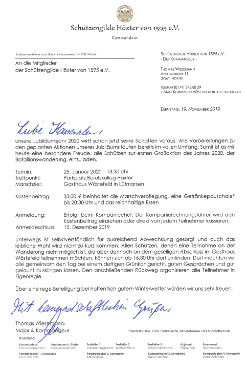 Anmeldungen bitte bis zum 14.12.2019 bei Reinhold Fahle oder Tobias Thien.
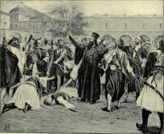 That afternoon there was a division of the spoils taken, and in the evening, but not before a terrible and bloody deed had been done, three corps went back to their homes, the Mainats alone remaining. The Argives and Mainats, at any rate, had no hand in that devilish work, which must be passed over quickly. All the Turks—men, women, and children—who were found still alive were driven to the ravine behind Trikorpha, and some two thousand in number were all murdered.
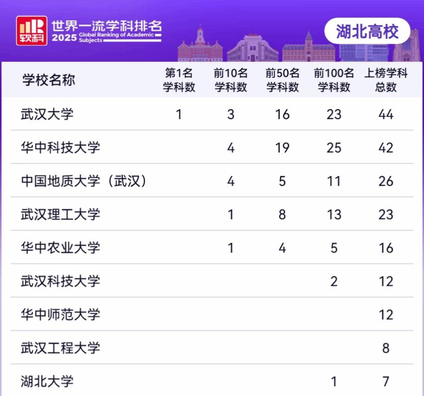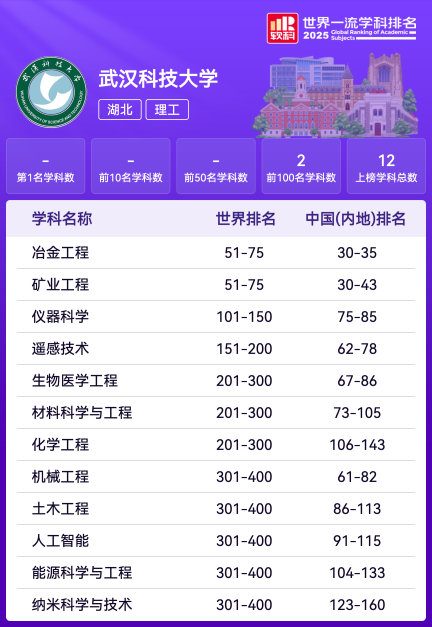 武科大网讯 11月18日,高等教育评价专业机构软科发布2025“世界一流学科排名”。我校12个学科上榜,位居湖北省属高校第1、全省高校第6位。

...

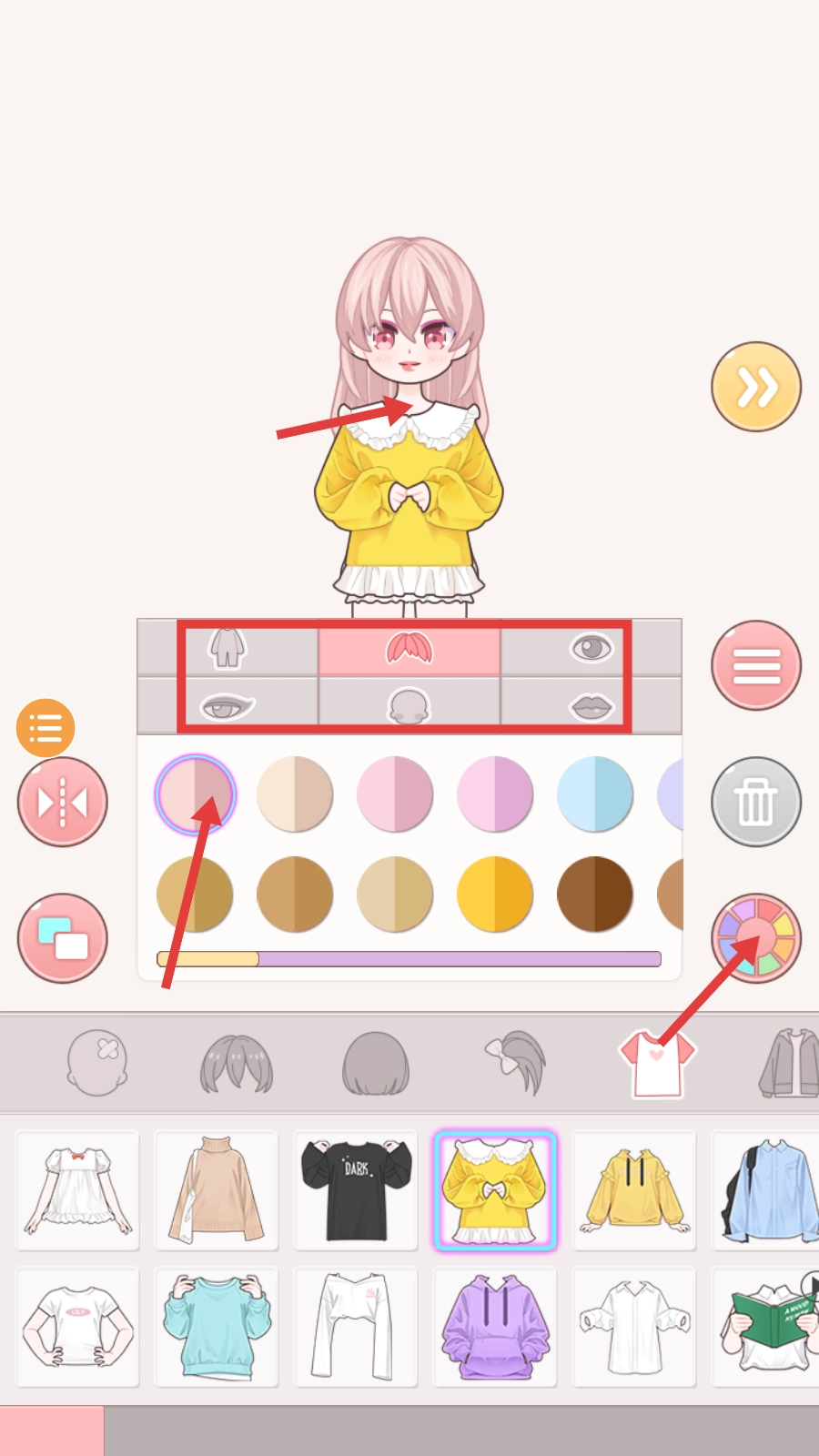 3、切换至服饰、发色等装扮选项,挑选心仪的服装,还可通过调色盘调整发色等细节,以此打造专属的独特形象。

■ Exercise directions ■
In the records above, find the line with "Anmeldungen bitte bis" and the line with "武科大网讯 11月18日,高"; please transcribe exactly those two lines and all lines between them, omitting any picture.

■ Answer space ■
 Anmeldungen bitte bis zum 14.12.2019 bei Reinhold Fahle oder Tobias Thien.
 That afternoon there was a division of the spoils taken, and in the evening, but not before a terrible and bloody deed had been done, three corps went back to their homes, the Mainats alone remaining. The Argives and Mainats, at any rate, had no hand in that devilish work, which must be passed over quickly. All the Turks—men, women, and children—who were found still alive were driven to the ravine behind Trikorpha, and some two thousand in number were all murdered.
 武科大网讯 11月18日,高等教育评价专业机构软科发布2025“世界一流学科排名”。我校12个学科上榜,位居湖北省属高校第1、全省高校第6位。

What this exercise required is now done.